Former Fort Bragg Army Sergeant and Owner of California Telemarketing Company Plead Guilty to Gratuity and Bribery Charges
GREENVILLE –The United States Attorney’s Office announced that today in federal court, ANTONELLE ANN SANCHEZ, 35, pled guilty to two counts of Accepting and Receiving a Gratuity. As part of her plea, SANCHEZ agreed to pay $95,610 in forfeiture. She faces a maximum of four years’ imprisonment. GEORGE SZEKERES, 67, pled guilty to one count of Bribery. As part of his plea, SZEKERES agreed to pay $95,610 in forfeiture, which he has already done. He faces a maximum of fifteen years’ imprisonment.
According to the Government’s recitation of the facts at the plea hearings, SANCHEZ was a supply sergeant with the United States Army stationed at Fort Bragg, North Carolina. She began accepting gift cards and later money orders from Advance Imaging Supply, Inc., a telemarketer that supplied printer cartridges. GEORGE SZEKERES was the owner of Advance Imaging. From May 13, 2011 to September 11, 2012, SANCHEZ received over $95,000 in postal money orders from Advance Imaging Supply, Inc. During this same time period, SANCHEZ, as Supply Sergeant, purchased more than $1,000,000 in printer cartridges from Advance Imaging. These cartridges were sent both to Fort Bragg and around the country. In early 2012, SANCHEZ reached an agreement with Advance Imaging, approved by SZEKERES, to receive 10% of the purchase price of the cartridges in money orders because she was sending them so much business.
“Our office was pleased to partner with DCIS and the FBI on this significant case. Fraud in government procurement is a serious matter and we will continue to prosecute it vigorously,” stated United States Attorney John Stuart Bruce.

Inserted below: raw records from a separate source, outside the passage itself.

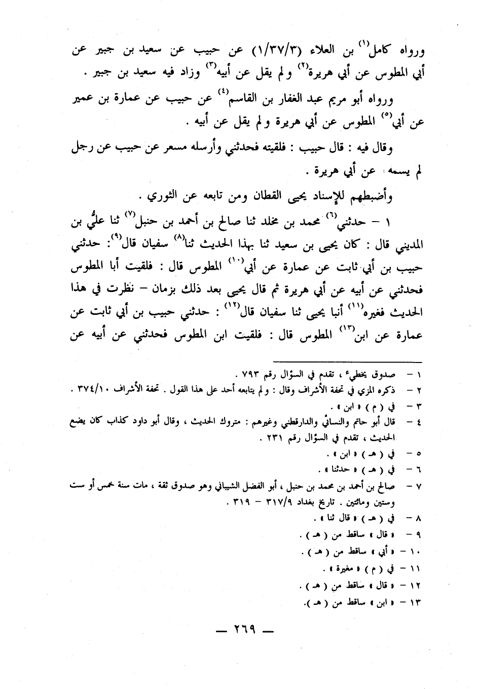 1ـ حَدَّثَنِي مُحَمَّدُ بْنُ مَخْلَدٍ، حدثنا صالح بن أحمد بن حنبل، حدثنا عَلِيُّ بْنُ الْمَدِينِيِّ، قَالَ: كَانَ يَحْيَى بْنُ سعيد حدثنا بهذا الحديث، حدثنا سُفْيَانُ، قَالَ: حَدَّثَنِي حَبِيبُ بْنُ أَبِي ثَابِتٍ، عَنْ عُمَارَةَ، عَنْ أَبِي الْمُطَوِّسِ، قَالَ: فَلَقَيْتُ أَبَا الْمُطَوِّسِ فَحَدَّثَنِي، عَنْ أَبِيهِ، عَنْ أَبِي هُرَيْرَةَ، ثُمّ قَالَ يَحْيَى بَعْدَ ذَلِكَ بِزَمَانٍ: نظرت في هذا الحديث فغيره، أنبأنا يحيى، حدثنا سُفْيَانُ، قَالَ: حَدَّثَنِي حَبِيبُ بْنُ أَبِي ثَابِتٍ، عَنْ عُمَارَةَ، عَنِ ابْنِ الْمُطَوِّسِ، قَالَ: فَلَقَيْتُ ابْنَ الْمُطَوِّسِ فَحَدَّثَنِي، عَنْ أَبِيهِ، عَنْ أَبِي هُرَيْرَةَ.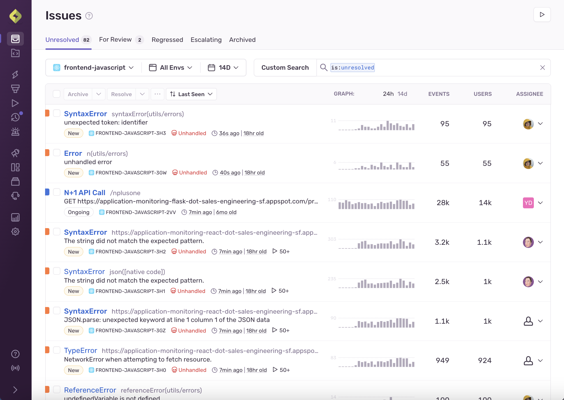 - Events: Issues are sorted by total event volume.
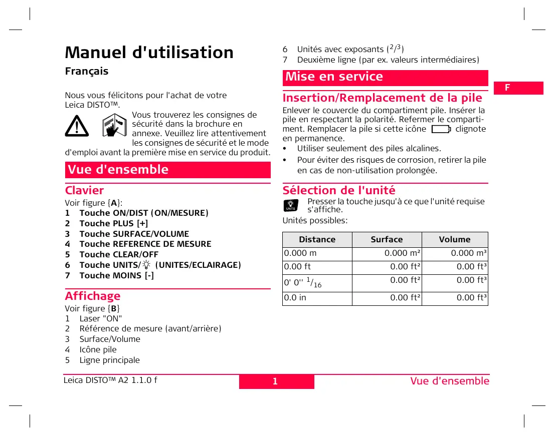 Nous vous félicitons pour l'achat de votre Leica DISTO™. Vous trouverez les consignes de sécurité dans la brochure en annexe. Veuillez lire attentivement les consignes de sécurité et le mode d'emploi avant la première mise en service du produit. Insertion/Remplacement de la pile Enlever le couvercle du compartiment pile. Insérer la pile en respectant la polarité. Refermer le compartiment. Remplacer la pile si cette icône clignote en permanence.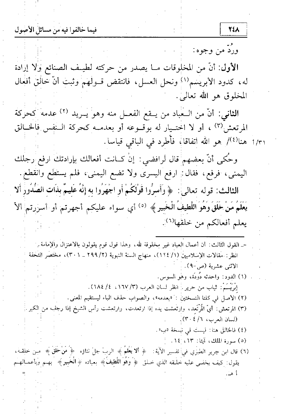الأول: أن من المخلوقات ما يصدر من حركته لطيف الصنائع ولا إرادة له، كدود الإبريسم ونحل العسل، فانتقض قولهم وثبت أن خالق أفعال المخلوق هو الله تعالى.
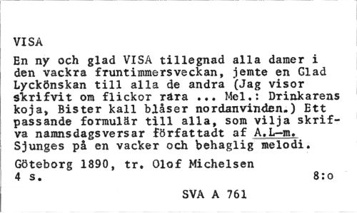//// VISA //// En ny och glad VISA tillegnad alla damer i den vackra fruntimmersveekan, jemte en Glad Lyckönskan till alla de andra (Jag visor skrifvit om flickor rära ... Mel.: Drinkarens koja, Bister kall blåser nordanvinden.) Ett passande formulär till alla, som vilja skrif-va namns dags vers ar författadt af A.L—m. Sjunges på en vacker och behaglig melodi. //// Göteborg 1890, tr. Olof Michelsen 4 s. 8:0 //// SVA A 761 ////

"DCIS will pursue and expose corrupt contractors and government officials who abuse their positions of trust to line their own pockets with illegal kickbacks and gratuities," stated Special Agent in Charge John F. Khin, Southeast Field Office, Defense Criminal Investigative Service (DCIS). "Effective joint law enforcement efforts resulted in these defendants pleading guilty and forfeiting substantial monetary assets, demonstrating
once again that fraud schemes rarely go undetected, and once they unravel, those involved must pay the price for their crimes."
“These defendants made a deal with each other to defraud the government. Instead of conducting business in the best interest of the American public, they chose to line their own pockets. These type of crimes are at the center of the fight against public corruption," said John Strong, Special Agent in Charge of the FBI in North Carolina.
The criminal investigation of this case was conducted by Defense Criminal Investigative Service, the FBI, and U.S. Army Criminal Investigation Command-Major Procurement Fraud Unit. Assistant United States Attorney David Bragdon is handling the case on behalf of the government.